Re: Triple parity and beyond

David Brown <david.brown@xxxxxxxxxxxx> · Thu, 21 Nov 2013 11:13:29 +0100

On 20/11/13 22:59, Piergiorgio Sartor wrote:
> On Wed, Nov 20, 2013 at 11:44:39AM +0100, David Brown wrote:
> [...]
>>> In RAID-6 (as per raid6check) there is an easy way
>>> to verify where an HDD has incorrect data.
>>>
>>
>> I think the way to do that is just to generate the parity blocks from
>> the data blocks, and compare them to the existing parity blocks.
> 
> Uhm, the generic RS decoder should try all
> the possible combination of erasure and so
> detect the error.
> This is unfeasible already with 3 parities,
> so there are faster algorithms, I believe:
> 
> Peterson–Gorenstein–Zierler algorithm
> Berlekamp–Massey algorithm
> 
> Nevertheless, I do not know too much about
> those, so I cannot state if they apply to
> the Cauchy matrix as explained here.
> 
> bye,
> 

Ah, you are trying to find which disk has incorrect data so that you can
change just that one disk?  There are dangers with that...

<http://neil.brown.name/blog/20100211050355>

If you disagree with this blog post (and I urge you to read it in full
first), then this is how I would do a "smart" stripe recovery:

First calculate the parities from the data blocks, and compare these
with the existing parity blocks.

If they all match, the stripe is consistent.

Normal (detectable) disk errors and unrecoverable read errors get
flagged by the disk and the IO system, and you /know/ there is a problem
with that block.  Whether it is a data block or a parity block, you
re-generate the correct data and store it - that's what your raid is for.

If you have no detected read errors, and there is one parity
inconsistency, then /probably/ that block has had an undetected read
error, or it simply has not been written completely before a crash.
Either way, just re-write the correct parity.

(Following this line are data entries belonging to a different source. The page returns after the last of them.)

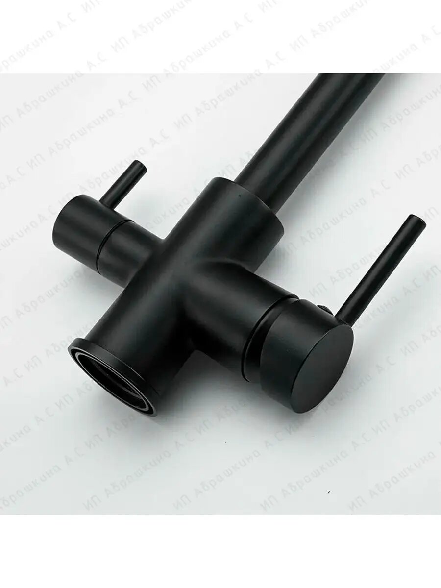 FRUD R43053-7, Смеситель для кухонной мойки под фильтр с краном для питьевой воды (поворотный излив, латунь, чёрный)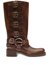 buckle-detail leather boots Miu Miu puts a rebellious twist on these boots. Crafted from buttery soft leather, buckle detailing adds a tough edge to this pair. Highlights - Brown - Leather - Buckle fastening - Round toe - Mid-calf length - Low block heel - Rubber sole Composition Leather 100% SIZE & FIT Measurement HEEL 2.16 in(5.5 cm) Sole height 0.78 in(2 cm) HEIGHT 12.59 in(32 cm)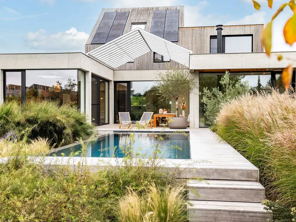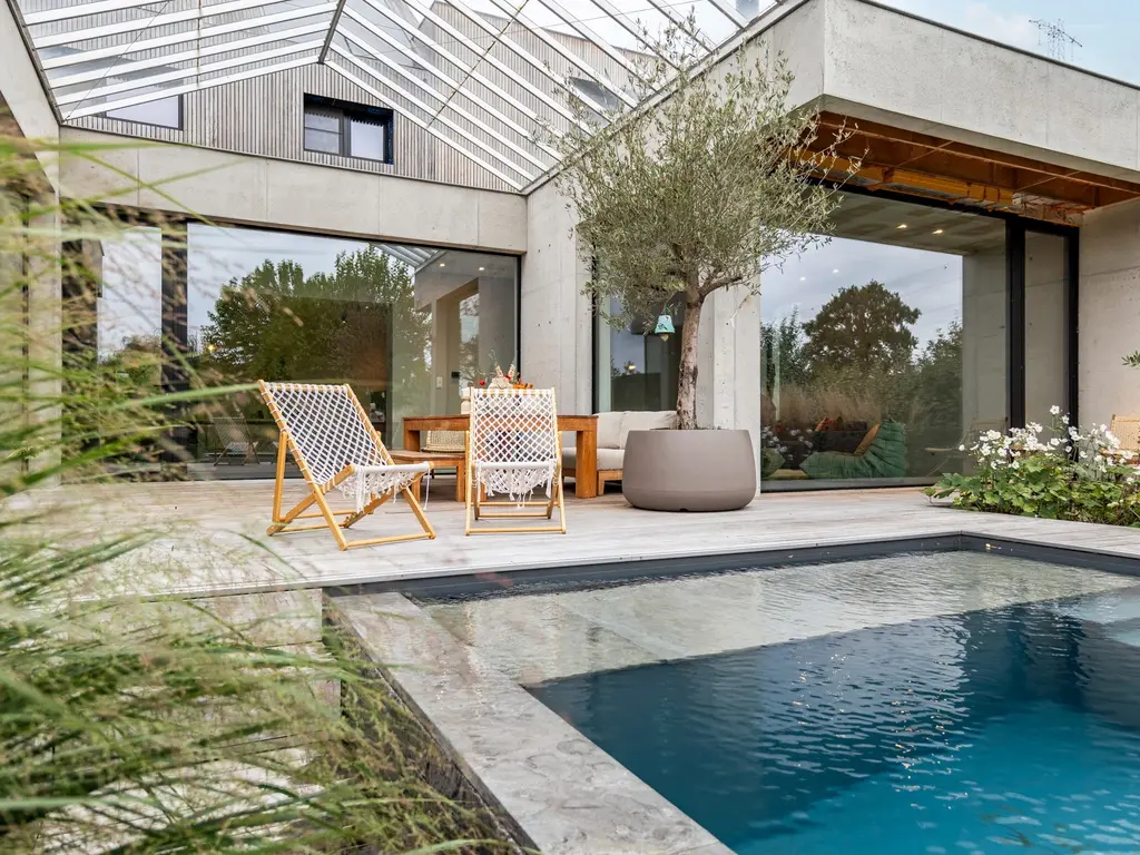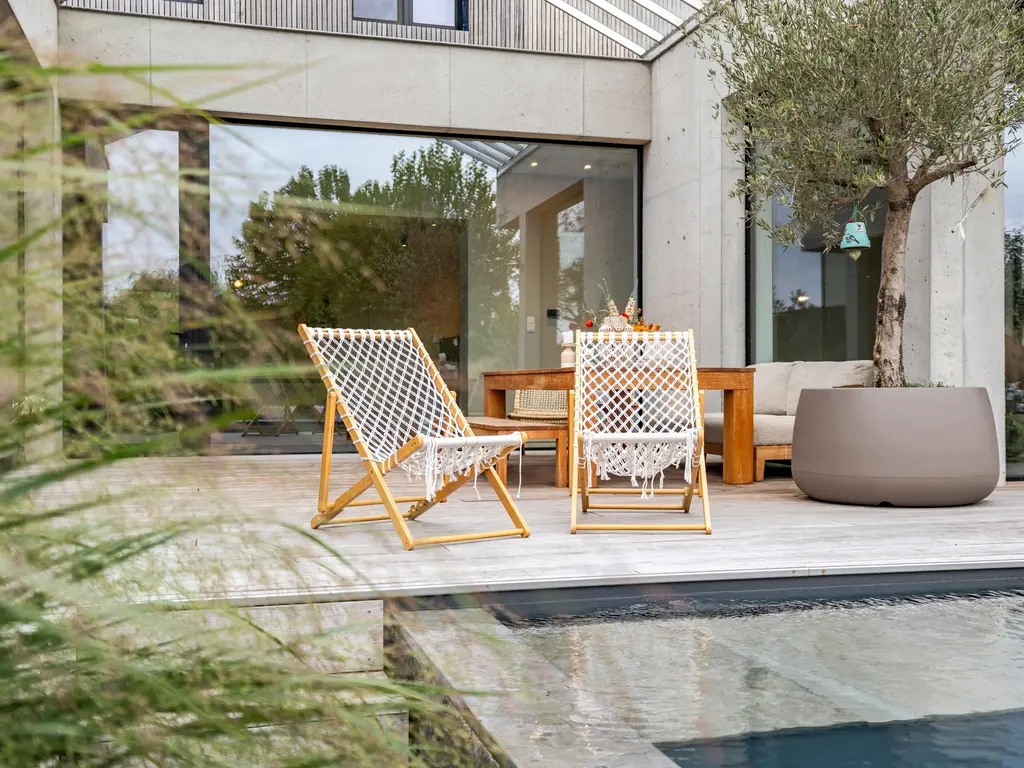 - Hoogwaardige inrichting en structuren/materialen: vijver, zwembad

If there are two or more parity inconsistencies, but not all parities
are in error, then you either have multiple disk or block failures, or
you have a partly-written stripe.  Any attempts at "smart" correction
will almost certainly be worse than just re-writing the new parities and
hoping that the filesystem's journal works.

If all the parities are inconsistent, then the "smart" thing is to look
for a single incorrect disk block.  Just step through the blocks one by
one - assume that block is wrong and replace it (in temporary memory,
not on disk!) with a recovered version from the other data blocks and
the parities (only the first parity is needed).  Re-calculate the other
parities and compare.  If the other parities now match, then you have
found a single inconsistent data block.  It /may/ be a good idea to
re-write this - or maybe not (see the blog post linked above).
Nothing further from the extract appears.